Sunday, July 25, 2010

Theory, Historiography, and the Academic Job Market

Posted by Chris at 8/2/2006 11:08 AM ...

Jason Kuznicki at Positive Liberty recently wrote a three-part essay on the problems with academic history, history writing, and the state of the academic job market.  The items he addresses are sobering for those of use just really getting started in our academic careers.

The first thing Jason addresses is the relationship between theory and primary sources.  His argument here is that while theory has an important role in providing a framework of historical writing, it should play a back seat to a real understanding of a historical era or event.  The way to accomplish this is for historians to become intimately familiar with the primary sources of their historical period.  He provides a fairly insightful description of how this would work, so I urge you to read it.

I find this approach attractive for many reasons, not least my own weak preparation in the area of theory.  It is one thing that my graduate program at SHSU did not do well, and which I brought up in the "exit interview" I did with Dr. Olson after my oral comprehensive exam.  I thought we needed to spend more time formally on theory and on historiography, rather than picking it up.  As Jason describes it in his article, lack of a theoretical framework can lead to "history by the seat of the pants".  That's a tidy way of describing the flailing about that can happen without a framewoprk, although he sees the danger of falling into a trap of lazy thinking and unquestioning acceptance of the conventional wisdom.  I think he's correct in this assessment - a theoretical framework gives you a place to start asking questions from.  You just don't to get mired down in the assumptions of that framework.

In the second article of his series, Jason argues that historians should learn to address the multiple influences on decision-making, rather than looking for a single root-cause.  The reasoning here is obvious - while focusing on a single driving factor behind an argument or event makes things simpler for historians to research and present, none of us make significant decisions based on a single factor, and it is overly simplistic to expect that the people we study did so either.  In addition, evaluating the multiple factors that influence decisions leads to a richer (and more entertaining) understanding of history.  The challenge is writing well enough to ensure that this doesn't lead into a tangled mess.  This ties directly into Jason's argument in the first piece that historians need to sepnd much more time with the primary sources of their period.

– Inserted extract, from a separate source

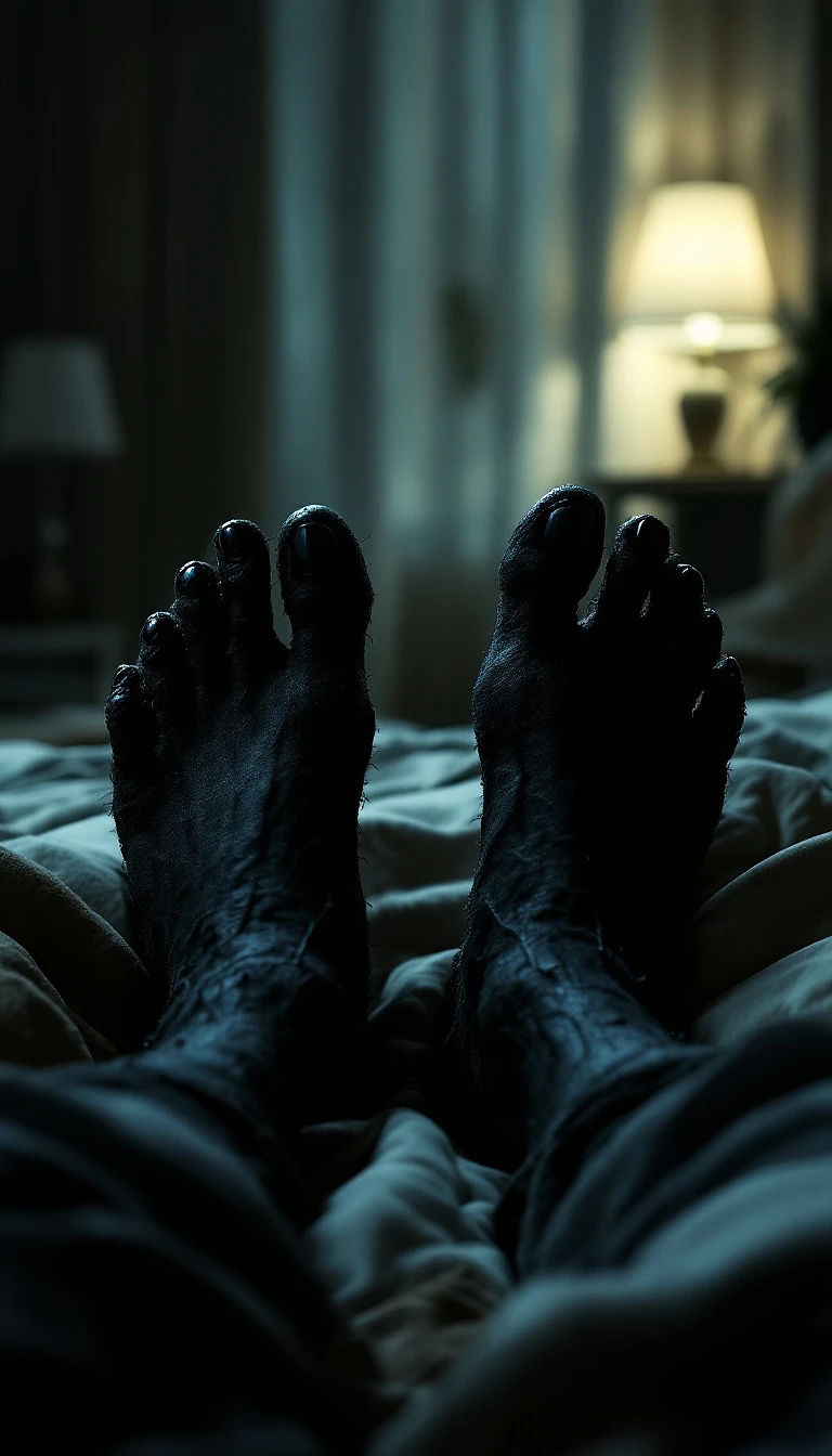 POV first-person, POV, I am a jinn lying on my bed in my room. Only my feet are visible in the frame. My feet are black and covered in coarse hair, shaped like a ram’s hooves. My long, black nails are dirty and unkempt, adding to their eerie appearance. The lighting in the room is dim and moody, casting soft shadows that emphasize the texture of my feet. The room has a modern Iranian decor—minimalist yet warm, with a Persian rug on the floor and subtle traditional elements blended with contemporary furniture. The atmosphere feels surreal and unsettling, as if something unnatural lingers in the air.
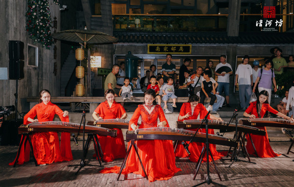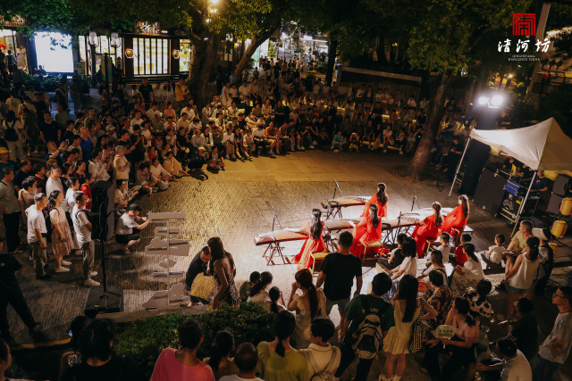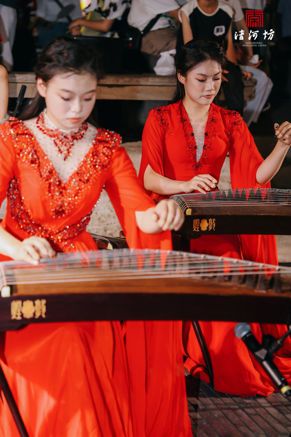 這個(gè)七夕夜,鼓樓小廣場(chǎng)的弧形觀眾席上人頭攢動(dòng)。作為清河坊“夏夜漫游”的系列活動(dòng)之一,浙江音樂學(xué)院MTC箏團(tuán)帶來了一場(chǎng)國(guó)風(fēng)雅韻專場(chǎng)音樂會(huì)。

A final installment provides us with a dismal outlook on the prospects of finding a permanent tenure-track position teaching history.  Why dismal?  The relatively low number of jobs available, the over-production of PhDs, a bias toward graduates of elite universities.  This makes the trek toward the PhD look particularly untenable for anyone who will not be one of the chosen few who attends an elite university (think Harvard, Chicago, Duke, Texas), or who does not have other sources of cash to live on. 

Jason's analysis of the job market is one that could cause depression and despair - it also probably spot-on for people who focus on items not compatible with the current academic vogue.  This applies to 17th Century French specialists like him, but also to the political/diplomatic/military folks like me.  I will definitely not be attending Ohio State, so unless I manage Duke or UNC-Chapel Hill, I will either change focuses or be relegated to the second or third tier of schools with a correspondingly diminshed hope of a tenure track position in History.

This is why I'm getting this pesky degree in Information Science.  Combined with the degrees in History, I can hope for a decent position in an Academic Library.  Teaching online and and writing articles may also help, but I get the feeling that everyone will be taking this path - only the blue-flame specials have a realistic hope of the tenure track.

This leads to another question: how many online teaching gigs can you realistically handle at once?  Can they be balanced with some in-class instruction?